I don't agree that the usage will make it complex or harder to read--at least not for a fair number of readers. As I noted above, Greg Egan uses these non-standard pronouns extensively in Diaspora. The regular pronouns make less sense because they're less concrete and specific. Again, "they" and "their" are used with respect to individuals who do exhibit one of the two binaried genders. Ve/vis/ver are not. Thus, the latter are more specific designations.
 

Gryphos

Auror
All words are made up, right? Invented by humans to relate concepts to other humans.
Yes, of course. Believe me, I'm no language purist. I just think language can't be forced to evolve, if you get me. And I think that pronouns like xe, ve, etc aren't the right way to go.
 

Steerpike

Felis amatus
Moderator
Yes, of course. Believe me, I'm no language purist. I just think language can't be forced to evolve, if you get me. And I think that pronouns like xe, ve, etc aren't the right way to go.

I look at it somewhat like the arrival of other new terms into the lexicon: cyberpunk, cyberspace, photobomb, microaggression. Those are all relatively new words that we've pulled into the language. In the case of pronouns, a perceptual shift is required in addition to simply adopting the new words, thus the resistance.

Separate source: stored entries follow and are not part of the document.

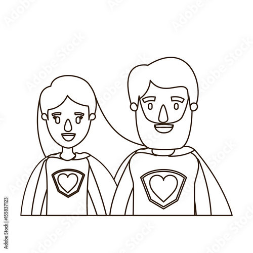 Sketch Contour Caricature Half Body Couple Female And Male Super
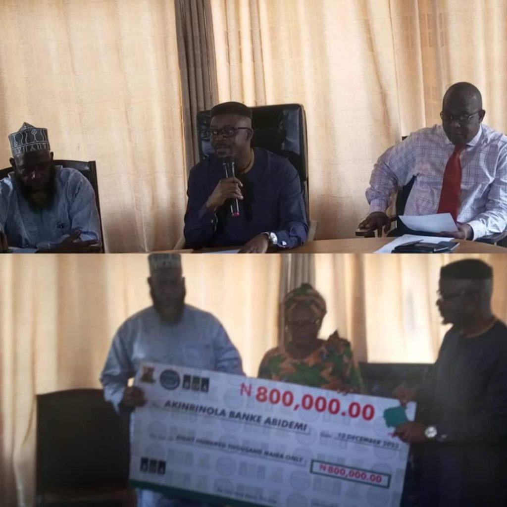 The symbolic presentation of cheques to the farmers was held at the Conference Room of the Ministry of Agric and Rural Development, State Secretariat, Agodi Ibadan.
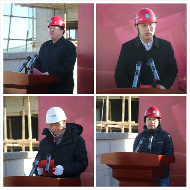 后勤基建處處長黨華主持結構封頂儀式,簡要介紹了工程有關情況。施工單位、監理單位、設計單位代表先后致辭。
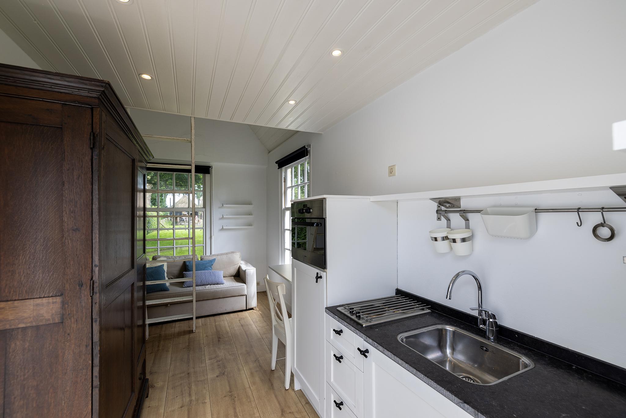 De opkamer met uitzicht op de polder is een geweldige werkkamer, voorzien van een grote schouw en een eigen entree. Onder deze kamer bevindt zich één van de twee kelders, nu in gebruik als royale wasruimte. De verdieping biedt nog meer ruimte: 4 slaapkamers, een moderne badkamer, apart toilet en zelfs een bedstee voor wie het knus wil houden.
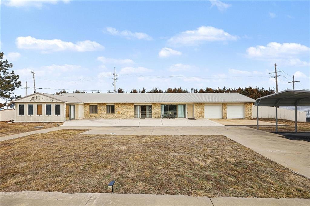 Tucked away on 5.09 private, gated acres, this unique earth-contact home offers peaceful living surrounded by nature. Featuring 3 bedrooms, 2 bathrooms, and 2,250 square feet, the home blends comfortable living with a truly serene setting. The primary suite includes an en suite bath and a sunroom retreat—perfect for morning coffee or unwinding while overlooking the natural landscape. The property showcases a private, stocked pond, ideal for fishing or simply enjoying the quiet views and wildlife. A private drive with gate, carport, and expansive acreage create a rare sense of seclusion while still being conveniently located in Olathe. Whether you’re seeking privacy, space to roam, or a one-of-a-kind setting, this property offers endless potential and a lifestyle that’s hard to find.
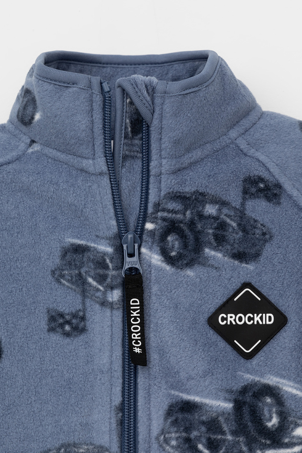 Флисовая куртка для мальчика. У изделия удлинённая спинка, высокий воротник, предусмотрена защита шеи и подбородка. Рукава-реглан и низ изделия обработаны эластичным кантом для лучшего прилегания к телу, по бокам два кармана. Оригинальная набивка выполнена из стойких, гипоаллергенных текстильных красителей. Куртка сохраняет цвет и форму после многократных стирок.
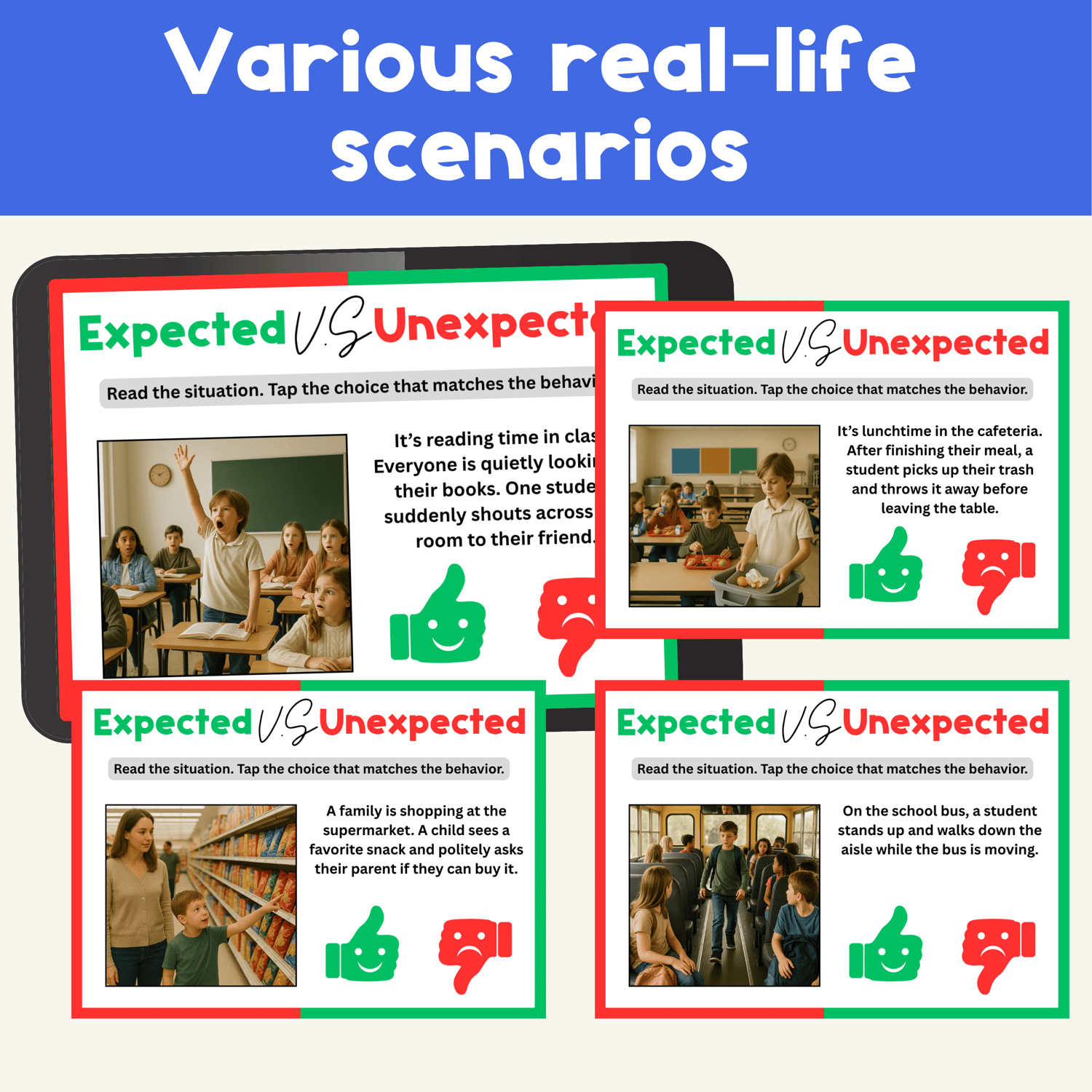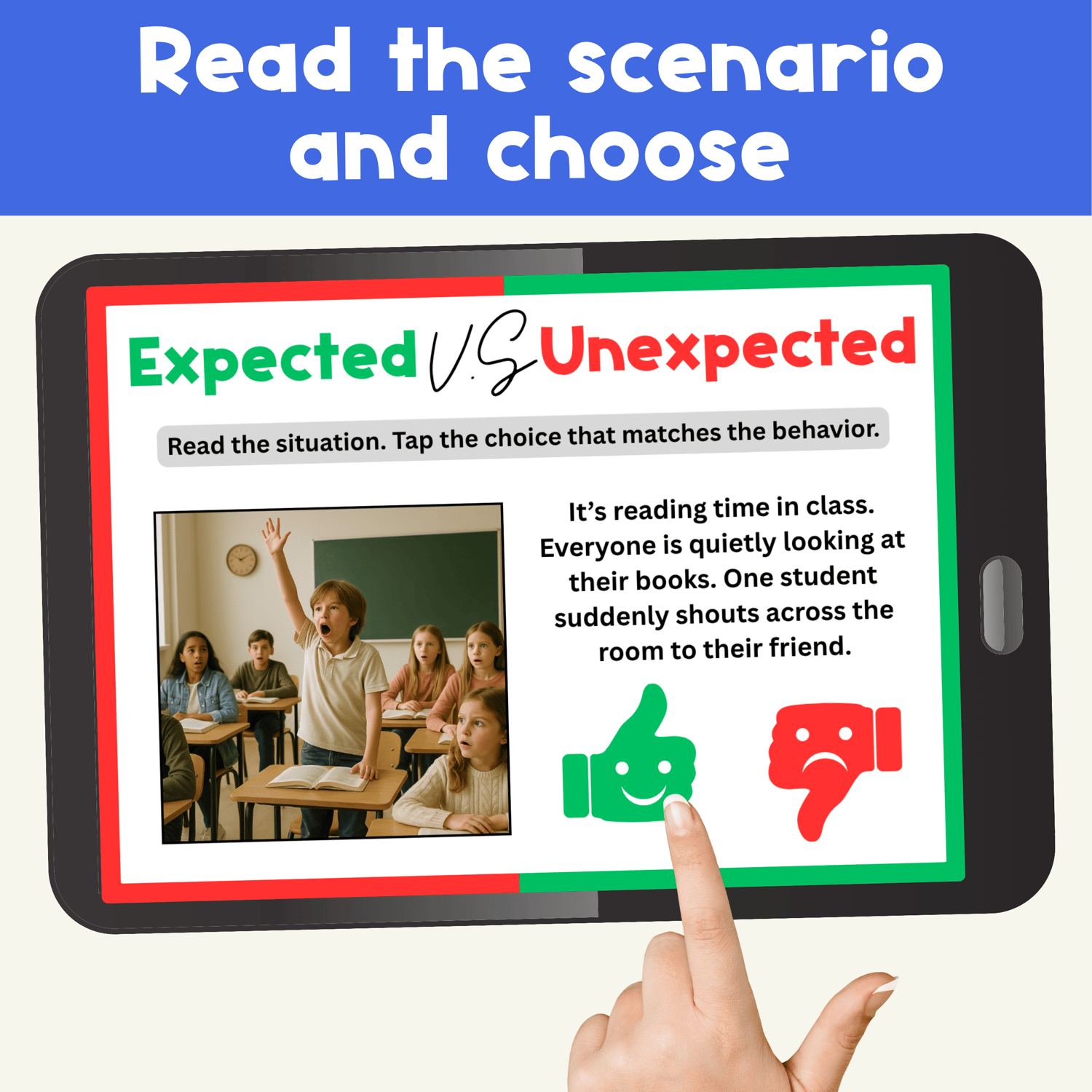 Students will read short scenarios and decide whether the behavior is expected or unexpected. Great for social-emotional learning, speech therapy, or classroom behavior lessons!

In any event, the discussion is an interesting one. I tend to like more concrete or specific terms as opposed to more vague or ambiguous ones, which is why I lean toward the approach taken by Egan and others.
 

Svrtnsse

Staff
Article Team
There's also the cultural issue of neutral gender pronouns. This may not be an issue in this case, but it's still an interesting thing to bring up. A few years back Sweden introduced a gender neutral pronoun (hen) into the dictionary. From what I understand it's seeing some use and slowly gaining acceptance as an everyday word, but it's not without struggle.

As I understand it the controversy isn't in a new word being added but in what this specific word represents symbolically. Getting into a discussion about it would probably lead to the "no politics" rule getting violated real fast, but if anyone's interested you can look it up online.

The first few years after it was added I rarely saw it other than in the context of people making fun of it, but these days many of my friends back in Sweden are using it in their social media updates. In another generation or so it's unlikely anyone will bat an eyelid at it.